In order to make melanin (the brown stuff that gives our hair, skin and eyes color), the amino acid Tyrosine is supposed to go through 3 conversions.  The enzyme TYR (tyrosinase) is responsible for two of those. 

The code for this enzyme TYR in people with OCA has a problem, though.  There is one extra letter - C - stuck in about 2/3 of the way through the instructions.  That not only shifts the whole thing down by one letter, but it also messes up the recipe.  Remember that every 3 letters makes up a codon, which is a "code" for start, stop, or an amino acid.  Well, in this case, the codons are scrambled because they got shifted down one space.  Wrong signals are given this way - and in this case the "stop" signal is given (accidentally) very shortly after this extra C.  Oops.  So the resulting TYR enzyme is short.  Not only that, but the instructions for TYR are supposed to build two copper-binding sites.  The shortened TYR has only one, as the other got cut off.  Oops again.  
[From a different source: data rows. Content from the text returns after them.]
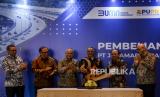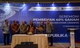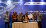 REPUBLIKA.CO.ID,JAKARTA -- Direktur Utama PT Nusantara Infrastructure Tbk Ramdani Basri bersama Anggota Dewan Pertimbangan Presiden Sidarto Danusubroto, Direktur Jenderal Pembiayaan Infrastructure PUPR Herry Trisaputra Zuna, Direktur Utama PT Margautama Nusantara Danni Hasan, Direktur Utama PT Jasa Marga (Persero) Tbk Subakti Syukur dan Kepala BPJT Danang Parikesit (dari kiri ke kanan) saat penyerahan akta jual beli saham di Jakarta, Rabu (21/12/2022).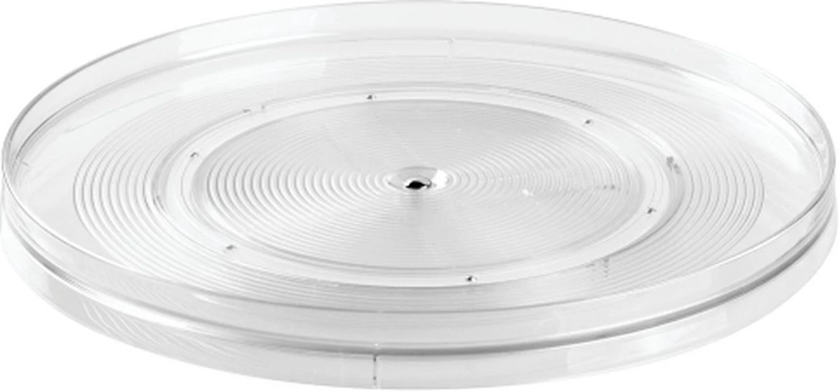 Het draaiplateau draagt bij aan een slimme keukenkast indeling. Je kunt er diverse kleine en grotere potjes en flesjes op kwijt en dankzij de draaibare functie kun je gemakkelijk bij het potje dat je nodig hebt. De verhoogde rand zorgt er voor dat jouw potjes niet zomaar van het plateau af kunnen vallen.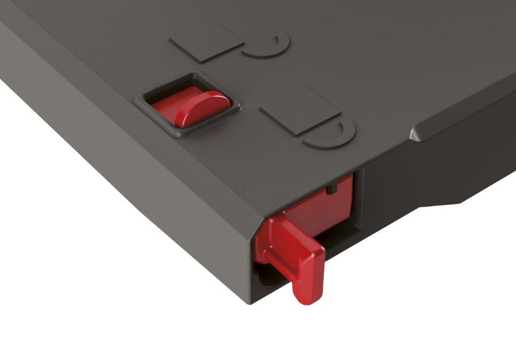 A szekrény Assisted Opening System (AOS) rendszerrel rendelkezik, amely a fém zsanéroknak köszönhetően biztosítja az ajtók sima és stabil záródását. A nagyobb biztonság érdekében lakattal lezárható a kialakított nyílásokon keresztül. Az ötödik stabilizáló láb még teljes terhelés esetén is szilárd tartást nyújt.
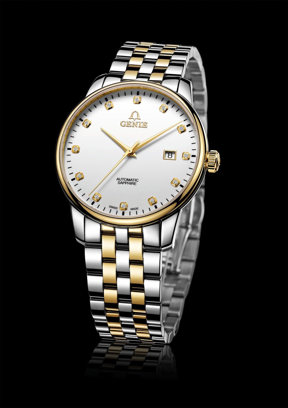 Established in 1919, Genie never tires of giving new faces to time. Its latest model is dedicated to the Chinese actress, and brand ambassador, Li Xiaoran. Sobriety prevails in this three hands and date timepiece. The gold-tinted hands and yellow gold-plated bezel are echoed in the complementary colours of the bracelet. Twelve diamonds accentuate the applied hour-markers. However, the true personality of this watch is revealed by its screw-down back. A cutaway detail at 12 o’clock offers a glimpse of the automatic movement and, just below, Li Xiaoran has signed her name, transforming this watch into a collector’s item for the star’s fans. With many more surprises to come, this is a partnership destined for greatness.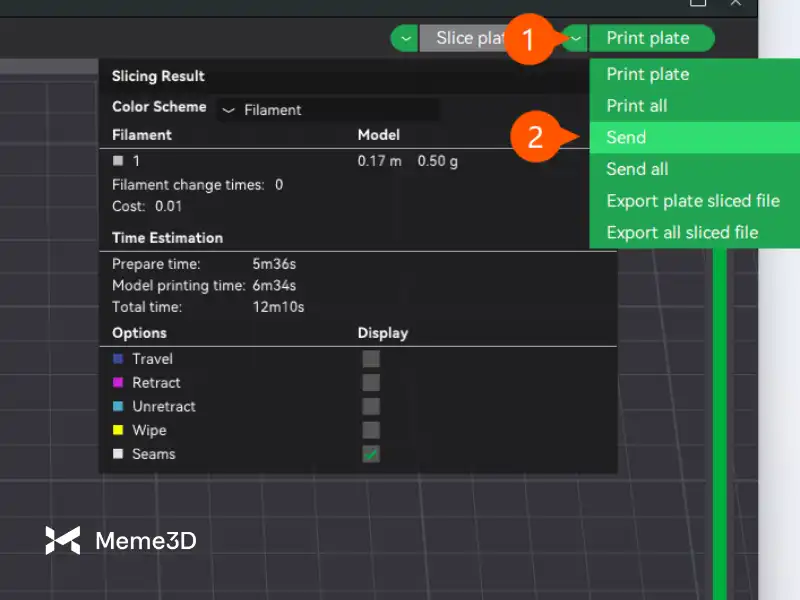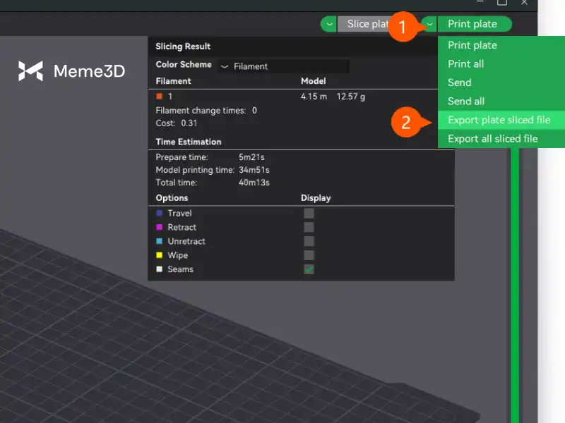 Sau khi áp dụng các thiết lập, hãy nhấp vào “Slice plate” sau khi chọn tùy chọn cắt lát để tạo tệp .gcode.

(Dangit, Jim, I'm a doctor, not a geneticist! Speak English!)

Okay, okay... Imagine with me that you're building an airplane left to right.  I know it wouldn't happen that way, but stay with me.  
You start building:  left wing - check, cabin - check...  and the instructions end there.  You need TWO WINGS for this thing to fly, right?  Well, sorry, the instructions ended and you only get one.  HAVE FUN!  

It's kind of like that.  

Without BOTH copper sites, TYR doesn't work as an enzyme.  It's useless.  So tyrosine cannot become melanin, and my little girl cannot freckle or tan, and she glows in the dark. (Almost - it's not something you want to wake up to in the middle of the night.  She's the cutest thing in the world, but she scared the crap out of me standing silently next to the bed.) 

So there's a thing you know now.  Isn't biology amazing???